WHAT NEEDS TO BE DONE: Transcribe the entries below exactly, starting with the line that has "EVER FAITH Rhinestone" and stopping after the line that has "虽然只是一款非常简单的小游戏"; no pictures belong in the copy.

DATA FOR REVIEW:
══════

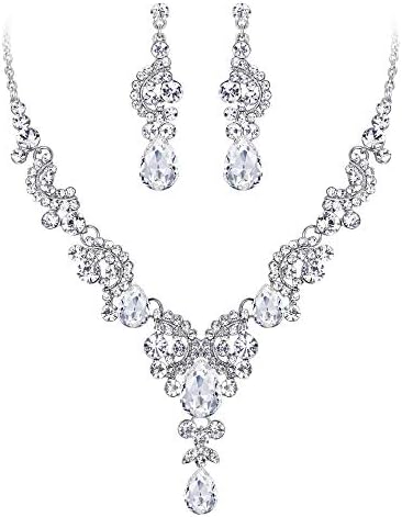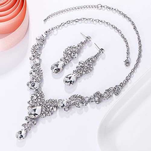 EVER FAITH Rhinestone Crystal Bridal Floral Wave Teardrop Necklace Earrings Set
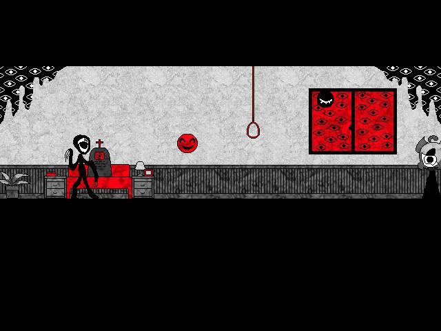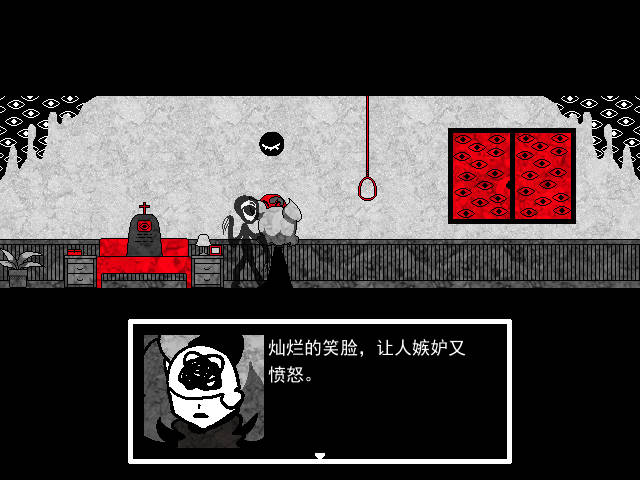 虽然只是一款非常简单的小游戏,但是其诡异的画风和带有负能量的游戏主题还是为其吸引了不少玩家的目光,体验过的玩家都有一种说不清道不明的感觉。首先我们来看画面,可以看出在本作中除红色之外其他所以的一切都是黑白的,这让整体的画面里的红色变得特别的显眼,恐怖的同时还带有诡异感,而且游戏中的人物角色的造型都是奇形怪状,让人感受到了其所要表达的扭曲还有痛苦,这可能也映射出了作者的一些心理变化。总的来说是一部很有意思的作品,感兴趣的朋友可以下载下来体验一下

══════

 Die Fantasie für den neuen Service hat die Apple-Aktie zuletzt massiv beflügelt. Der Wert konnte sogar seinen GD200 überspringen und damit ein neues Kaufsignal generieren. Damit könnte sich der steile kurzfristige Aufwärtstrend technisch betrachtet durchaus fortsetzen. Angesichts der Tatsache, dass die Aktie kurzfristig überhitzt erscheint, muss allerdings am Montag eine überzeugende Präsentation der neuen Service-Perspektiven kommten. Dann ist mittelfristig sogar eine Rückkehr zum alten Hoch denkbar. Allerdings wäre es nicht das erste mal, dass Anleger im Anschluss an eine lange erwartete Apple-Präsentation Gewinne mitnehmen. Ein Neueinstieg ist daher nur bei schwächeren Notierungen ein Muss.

══════

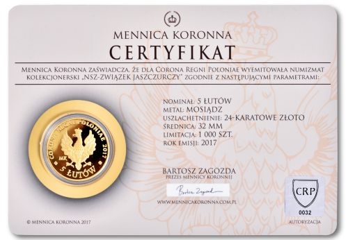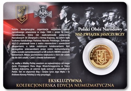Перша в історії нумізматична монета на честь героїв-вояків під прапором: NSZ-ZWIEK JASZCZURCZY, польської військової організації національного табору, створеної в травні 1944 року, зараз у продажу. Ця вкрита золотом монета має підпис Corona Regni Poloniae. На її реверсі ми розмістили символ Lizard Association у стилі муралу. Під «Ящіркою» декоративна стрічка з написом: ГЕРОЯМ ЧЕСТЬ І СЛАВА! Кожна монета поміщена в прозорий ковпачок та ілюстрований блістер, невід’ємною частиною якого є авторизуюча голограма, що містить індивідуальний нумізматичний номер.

══════

OUTPUT OF THE TASK:
 EVER FAITH Rhinestone Crystal Bridal Floral Wave Teardrop Necklace Earrings Set
 虽然只是一款非常简单的小游戏,但是其诡异的画风和带有负能量的游戏主题还是为其吸引了不少玩家的目光,体验过的玩家都有一种说不清道不明的感觉。首先我们来看画面,可以看出在本作中除红色之外其他所以的一切都是黑白的,这让整体的画面里的红色变得特别的显眼,恐怖的同时还带有诡异感,而且游戏中的人物角色的造型都是奇形怪状,让人感受到了其所要表达的扭曲还有痛苦,这可能也映射出了作者的一些心理变化。总的来说是一部很有意思的作品,感兴趣的朋友可以下载下来体验一下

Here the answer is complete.